Search on Google Cloud Platform - Cloud SQL

Continuing series on topic "Search on Google Cloud Platform", in this article I'll explore Cloud SQL as storage, namely PostgreSQL built in functionality for text search. Previous articles / solutions in this series are:

I'll repeat task description from previous articles: "Create autocomplete functionality on Google Cloud Platform for eshop so that when user searches some text it returns products name which contain that text". As a real life I am using Best buy data of their products. Webserver which renders search page and results is done in Flask framework (Python) and deployed on Google App Engine Flexible. Reason why I am using Flexible and not Standard is because at this time, it's not possible to connect to Cloud SQL PostgreSQL from GAE Standard.

Code for this project is in Github repository.

Google Cloud SQL

Cloud SQL was introduced in 2011 first supporting MySQL and in 2017 support for PostgreSQL was introduced and from now I will use usage and properties of Cloud SQL in context of PostgreSQL. Cloud SQL is fully managed database which means that server and disk storage are automatically provisioned. It has also aditional features like:

  • Automatic backups, it's possible to define daily window when backups should occur.
  • Automatic storage increase, so it shouldn't happen that you run out of disk space
  • High availability through replicas in different zones
  • Currently supports PostgreSQL 9.6, official version at the moment is 10 and 11 is in beta
  • Custom configuration of CPUs and memory, starting from 1 shared CPU and 0.6GB RAM up to 64 vCPUs and 416 GB of RAM memory
  • Storage capacity is ranging from 10GB up to 10TB
  • Bare minimal configuration starts from ~10$ per month, other services like automatic backups, replicas costs extra of course
  • Database migration from onpremise or another cloud provider
  • Network access rules, it possible to define IP addresses (ranges) which have access to database instance, or it's possible to use cloud sql proxy https://cloud.google.com/sql/docs/postgres/sql-proxy 

Database setup

I will use Google Cloud SDK to do command line operations, so first I will create database instance called "myinstance":

gcloud sql instances create myinstance --database-version=POSTGRES_9_6 --cpu=1 --memory=3840MiB
Created [https://www.googleapis.com/sql/v1beta4/projects/adventures-on-gcp/instances/myinstance].
NAME DATABASE_VERSION LOCATION TIER ADDRESS STATUS
myinstance POSTGRES_9_6 us-central1-a db-custom-1-3840 35.232.43.115 RUNNABLE

Note: if you don't have set zone and region in your configuration, you can set it there or you can use --zone and --region flag to specify region and zone where database instance should be.

Note2: It good to have web server and database instance in the same zone for best performance / smallest latency.

Next step is to create database in database instance:

gcloud sql databases create eshop --instance=myinstance

Creating Cloud SQL database...done. 
Created database [eshop].
instance: myinstance
name: eshop
project: adventures-on-gcp

Default user postgres is automatically created which I will use for this example, but I need to set password for it.

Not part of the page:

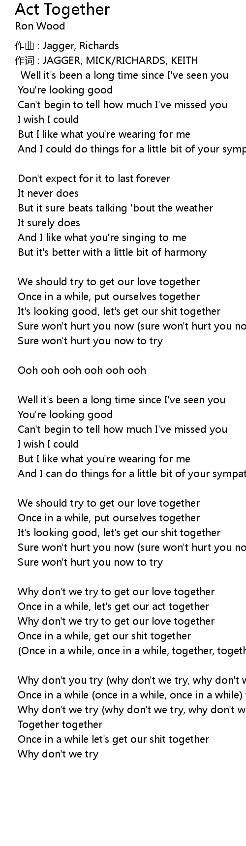 | Why don't you try (why don't we try, why don't we try) together | |
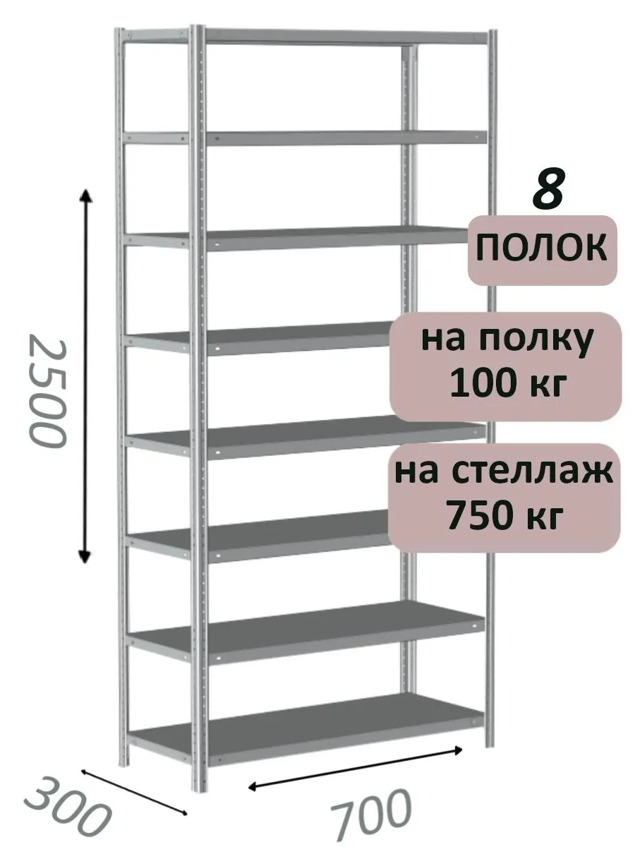 Чтобы уточнить цену и заказать доставку Стеллаж металлический полочный МС 2500х700х300, 8 полок, 100 кг на полку, светло-серый в Москве, звоните по телефону или закажите обратный звонок.

gcloud sql users set-password postgres --instance myinstance --host=% --prompt-for-password

 

Database model

All stuff related to database is in file sql_search.py. It's worth mentioning that I am using SQLAlchemy as ORM and SQLAlchemy-Searchable integrates PostgreSQL's full text search into SQLAlchemy models. Content of sql_search.py file:

import os
import sqlalchemy
from sqlalchemy import create_engine, Column, String, Float, BigInteger
from sqlalchemy.orm import sessionmaker
from sqlalchemy.ext.declarative import declarative_base
from sqlalchemy_searchable import make_searchable
from sqlalchemy_utils.types import TSVectorType
from sqlalchemy_searchable import search
from sqlalchemy_searchable import sync_trigger

from db_settings import USERNAME, PASSWORD, DB_NAME


SQLALCHEMY_DATABASE_URI = os.environ['SQLALCHEMY_DATABASE_URI']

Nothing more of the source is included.